A fisioterapeuta faz vários exercícios de estimulação da perna e pé direitos. A fisioterapeuta olha para mim e diz cochichando que “Ele tem déficit de atenção”. Ela olha para M10 e diz para ele prestar atenção aos exercícios. A mãe entra no quarto e diz que vai lavar roupa, entretanto, durante toda a sessão fica caminhando pelo corredor e entra no quarto várias vezes para saber como o filho está. Questiona a fisioterapeuta sobre como o filho está e a profissional responde que ele não está prestando atenção nos exercícios. A mãe fala em tom alto e sério “M10, preste atenção nos exercícios se não não vamos almoçar fora”. C8 pergunta para a fisioterapeuta se M10 está evoluindo e se tem algo que ela deva dizer na próxima consulta ao ortopedista. A fisioterpeuta diz que M10 está evoluindo bem e que aguardará recomendações do ortopedista (Ob8.1).

Durante a entrevista e a observação os avós de M10 não estavam em casa e C8 estava de férias com M10. Segundo C8, no horário em que está no trabalho conta com seus pais para o cuidado do filho:

[...] Também eles [avós maternos] têm esse mesmo ritmo, eu converso muito com eles... E toda vez que eles têm dificuldades eles me ligam, aí eu pego o telefone e falo ‘M10 vai fazer assim’, então eu tô sempre intervindo (E8.3.2).

C8 relatou ainda que é divorciada, que ela e o filho moram na casa dos seus pais e que prefere que ela mesma cuide da criança, ao invés do pai de M10:

[...] Mas quando o pai dele pega ele eu não me importo porque é pai dele, mas quando ele some também eu não ligo, eu até prefiro que ele fique aqui em casa, porque aqui em casa eu coloco limite, lá não tem (E8.11).

Destaca-se neste caso que a cuidadora optou por realizar os acompanhamentos do filho via convênio de saúde.

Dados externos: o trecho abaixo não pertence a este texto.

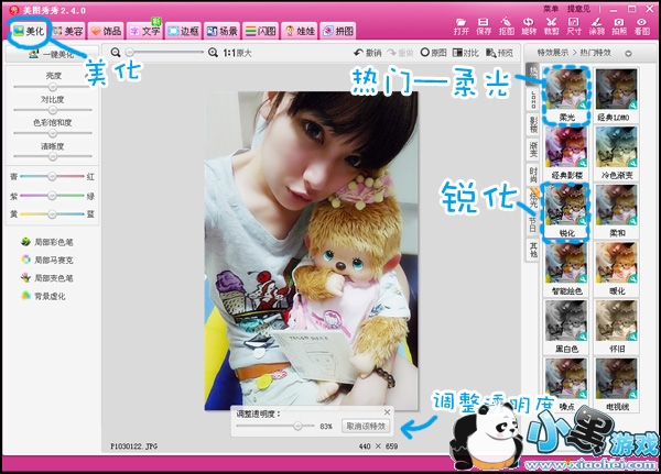 4、为了让亮彩的效果自然一些,在“美化”菜单下,执行“柔光”和“锐化”的特效,并适当地调节一下特效的透明度,如图6所示。
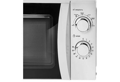 Параметры Номинальная потребляемая мощность 1100 Вт Номинальная выходная мощность 700 Вт Частота микроволн 2450 МГц Внутренний объем 20 л Таймер 30 минут Диаметр вращающегося блюда 245 мм Размеры камеры (В?Ш?Г, мм) 198?315?297 Габаритные размеры (В?Ш?Г, мм) 262?452?360 Вес нетто 10,5 кг Описание Микроволновая печь - электроприбор, предназначенный для приготовления пищи, разогрева и размораживания пищевых продуктов в бытовых и аналогичных условиях Цвет: белый Механический тип управления Открывание дверцы ручкой Вращающееся стеклянное блюдо диаметром 245 мм Звуковой сигнал окончания приготовления Таймер на 30 минут со звуковым сигналом 6 уровней мощности Режим размораживания

Segundo ela, a sua renda permite fazer essa escolha, além de destacar que “Ele [M10] tem plano de saúde. Eu prefiro da rede privada por causa que no SUS tudo é mais difícil, demorado” (E8.6.1).

Verifica-se que o apoio familiar é fundamental para que a cuidadora tenha condições de trabalhar fora do domicílio e arcar com os custos advindos do convênio de saúde, sessões particulares de fisioterapia, natação, além do suprimento das necessidades básicas da família e do lar.

A escola que a criança frequenta é regular e privada e os custos com as mensalidades são providos pelo pai de M10 (E8.9). Ressalta-se que o fato da criança não ter um grau de gravidade que exija acompanhante individual na escola facilita a opção por uma instituição privada, pois não implica oneração com esse profissional.